▸ What you have to do:
In the listing below, a line holding "Οι εκπρόσωποι του" and a line holding "きれいな青空のもと、お弁当を" mark the range. Retype both exactly, with all lines between them.

▸ Entries provided:

####

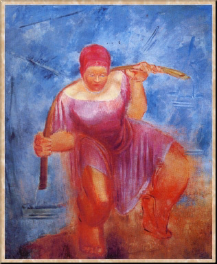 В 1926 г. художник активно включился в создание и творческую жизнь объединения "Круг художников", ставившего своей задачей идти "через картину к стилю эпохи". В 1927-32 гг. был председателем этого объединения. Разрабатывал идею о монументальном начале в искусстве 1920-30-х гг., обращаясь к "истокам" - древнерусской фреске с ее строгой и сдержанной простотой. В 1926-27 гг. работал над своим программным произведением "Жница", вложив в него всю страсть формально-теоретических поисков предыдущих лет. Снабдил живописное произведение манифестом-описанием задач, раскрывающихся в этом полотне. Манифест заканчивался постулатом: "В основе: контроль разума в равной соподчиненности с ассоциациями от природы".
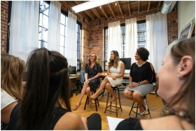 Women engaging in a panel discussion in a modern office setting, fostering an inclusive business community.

####

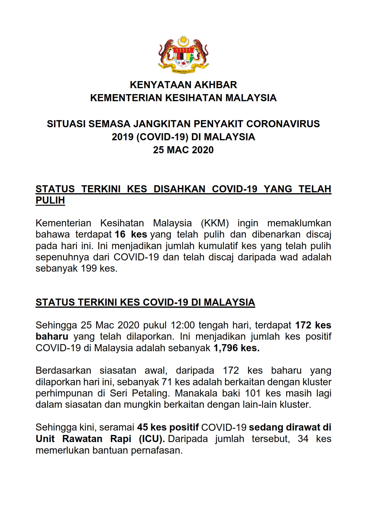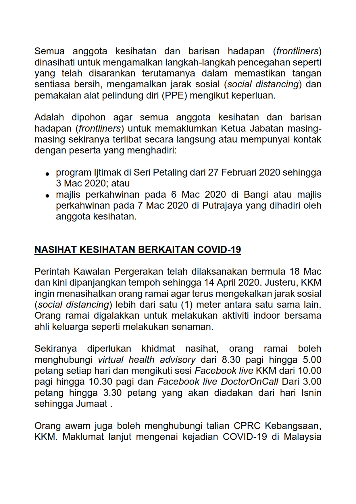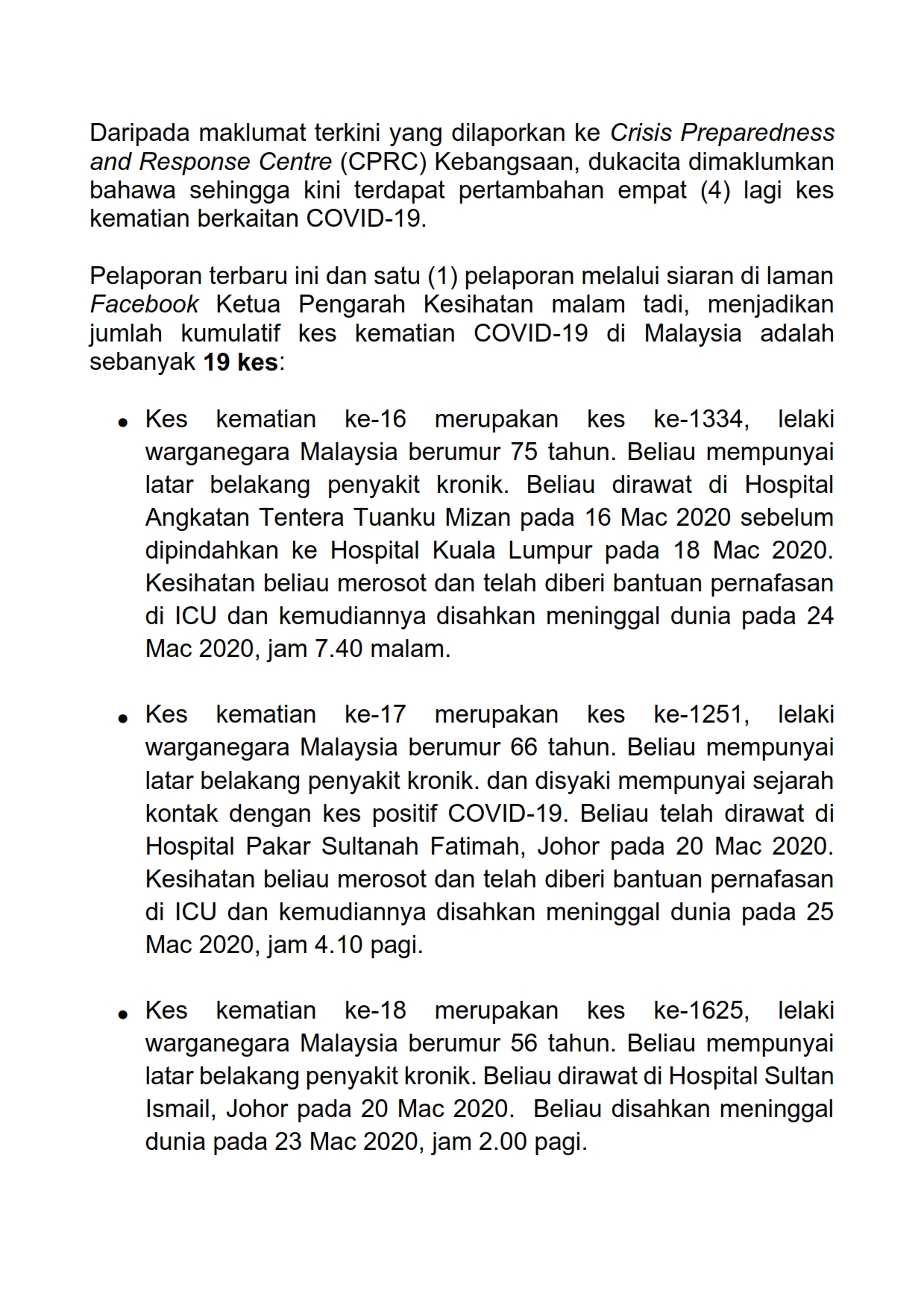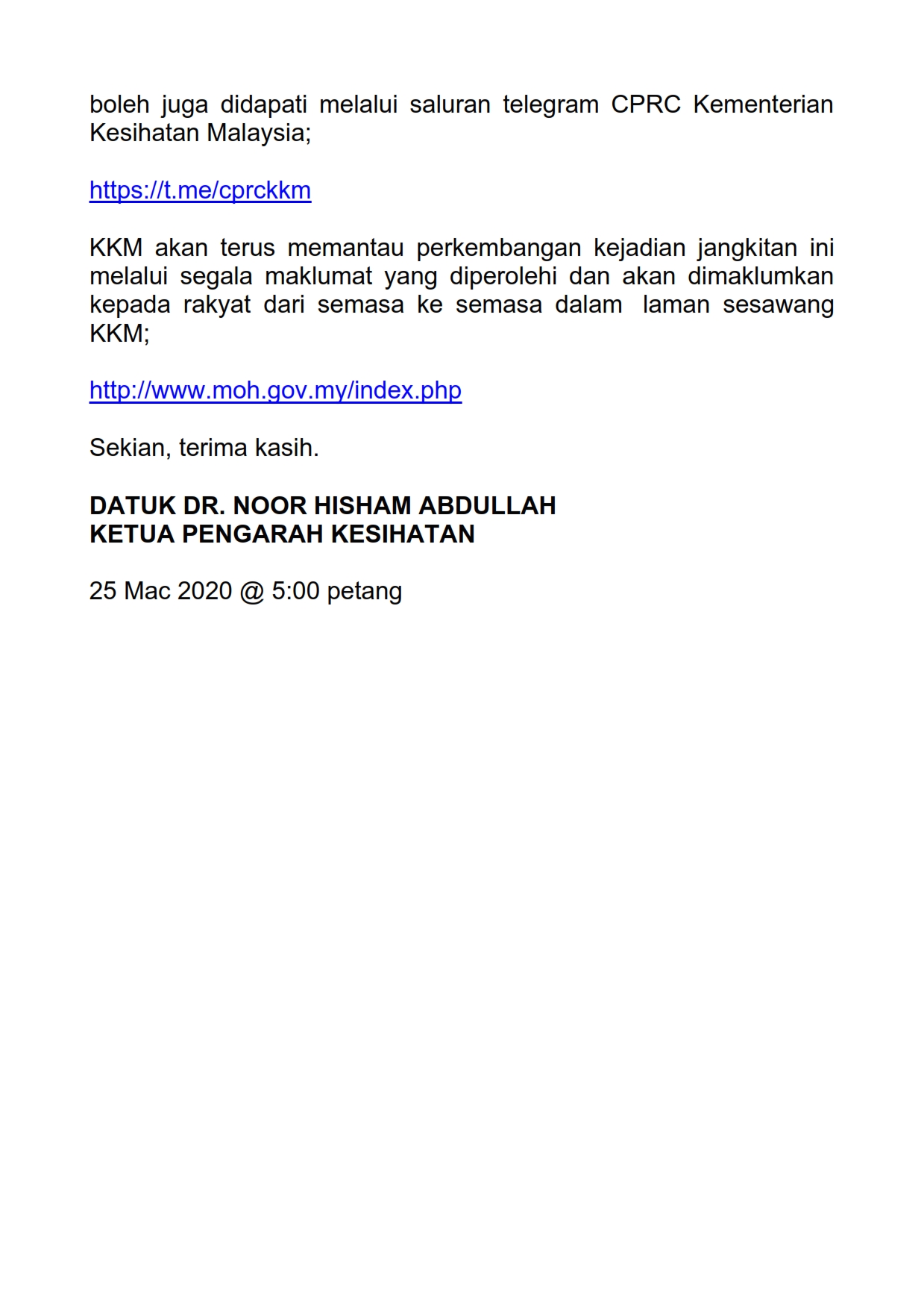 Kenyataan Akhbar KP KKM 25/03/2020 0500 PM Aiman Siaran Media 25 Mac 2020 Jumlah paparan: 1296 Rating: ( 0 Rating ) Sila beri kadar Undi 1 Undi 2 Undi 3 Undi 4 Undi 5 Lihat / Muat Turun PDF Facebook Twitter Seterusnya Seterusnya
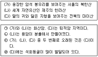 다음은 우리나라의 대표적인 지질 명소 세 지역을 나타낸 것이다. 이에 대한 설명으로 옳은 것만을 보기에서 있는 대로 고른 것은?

####

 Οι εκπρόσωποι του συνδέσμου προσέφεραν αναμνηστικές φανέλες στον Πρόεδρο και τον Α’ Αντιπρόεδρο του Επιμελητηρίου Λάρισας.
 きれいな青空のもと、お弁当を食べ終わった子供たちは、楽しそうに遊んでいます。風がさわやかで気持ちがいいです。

####

▸ Solution for this exercise:
 Οι εκπρόσωποι του συνδέσμου προσέφεραν αναμνηστικές φανέλες στον Πρόεδρο και τον Α’ Αντιπρόεδρο του Επιμελητηρίου Λάρισας.
 きれいな青空のもと、お弁当を食べ終わった子供たちは、楽しそうに遊んでいます。風がさわやかで気持ちがいいです。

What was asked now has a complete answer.